Course Projects

Development of Prediction Model for High-risk Sources and Seasons of C. Jejuni Outbreaks Identification

As part of a final project, I worked with two other students to create a prediction model using data from the NCBI Pathogen Detection Project, which is a large database containing Campylobacter jejuni isolate samples collected in the United States. Our goal was determine whether or not certain seasons or isolation sources, such as chicken or dairy, are associated with outbreaks of C. jejuni. Our final model had an AUC of 0.896, accuracy of 0.900, and Brier score of 0.073 on the validation set.

Differential Privacy: An Introduction

As a final project, I worked with one other classmate to develop a website introducing a machine learning concept that we had not learned in class-- differential privacy. Differential privacy is a solution– it enables us to publicly share information about a dataset, without actually revealing information about the individuals it consists of. Our website included a short article explaing how differential privacy works and why it's important, as well as tutorials for implementation in R and Python.

Introduction to Equivalence Trials

For a final project, I developed a report and presentation on the study design of equivalence trials. The goal of this project was to develop a methodological report that introduces a type of experimental design that was not discussed in class. While most have heard of superiority and non-inferiority trials, Unlike both superiority and non-inferiority trials, equivalence trials are a relatively rare type of study design that requires two active treatments to be identical within some predetermined acceptable range.

Infectious Disease Modeling R Shiny Application

I worked with two other classmates to develop an R Shiny application to provide users with a tool to create interactive and visual simulations of infectious disease dynamics.
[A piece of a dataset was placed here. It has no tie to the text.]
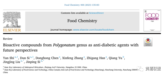 2023年浙江农林大学斯金平教授团队在国际期刊《Food Chemistry》(JCR一区,IF=9.231)上发表题为“Bioactive compounds from Polygonatumgenus as anti-diabetic agents with future perspectives”的高水平综述。系统地综述了黄精属植物在抗糖尿病中的应用,重点介绍了黄精属植物多糖、黄酮类化合物和皂苷的抗糖尿病潜力。探究了其在预防肥胖型糖尿病、改善胰岛素抵抗、促进胰岛素分泌、调节肠道微生态、抑制晚期糖基化终产物(AGEs)积累、抑制碳水化合物消化吸收和调节糖异生等方面的作用机制。此外,还提出了一个包括饮食(辅粮)、医学营养疗法(MNT)和新药的研发计划,为天然植物在糖尿病防治中的应用提供新的途径。
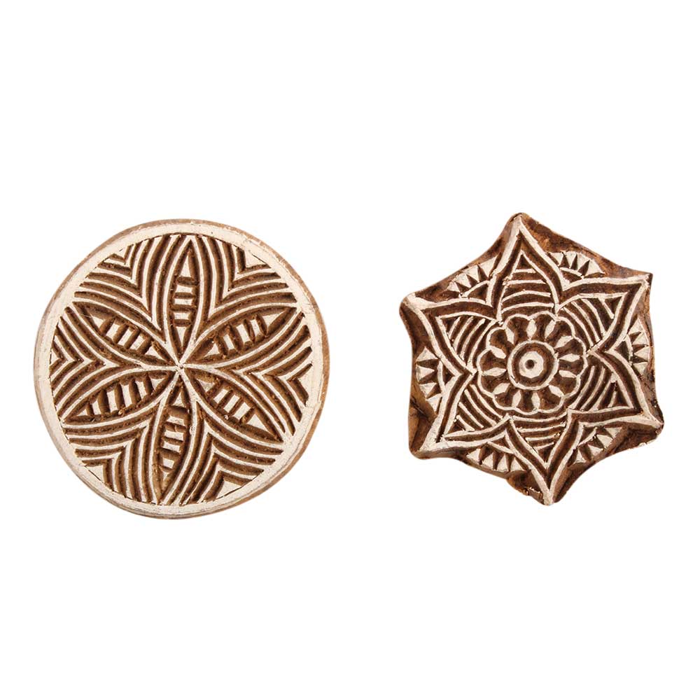 Set of 2 Piece New Mix Wooden Printing Block. Ideal for use on Fabric, Paper, Canvas, etc. These Blocks can be use to Print with Oil Colors, Fabric Colors, Water Colors, Acrylic Colors and Vegetable Colors.

Under the current COVID-19 landscape, we felt that providing a means to model trends in disease spread and recovery over time may be beneficial for researchers and the general public. Features include the ability to adjust parameters manually and download the resulting simulation tables. The models we provided are commonly used in epidemiological research. In particular, we adopted the SIR equations found in Cooper (2020) and borrowed our intervention functions from an R package created by Andreas Handel.

Bayesian Estimation and the Bias-Variance Tradeoff

As part of a final project, I worked with two other students on a presentation to demonstrate why unbiased estimators may not always be preferred through an examples that compares maximum likelihood estimators and Bayesian estimators, the latter of which can result in a lower mean squared error despite having a higher measure of bias than its counterpart. The popularization of this concept and of Bayesian estimators revolutionized the field of statistics during the 1980s and has found wide application in artificial intellgience and machine learning.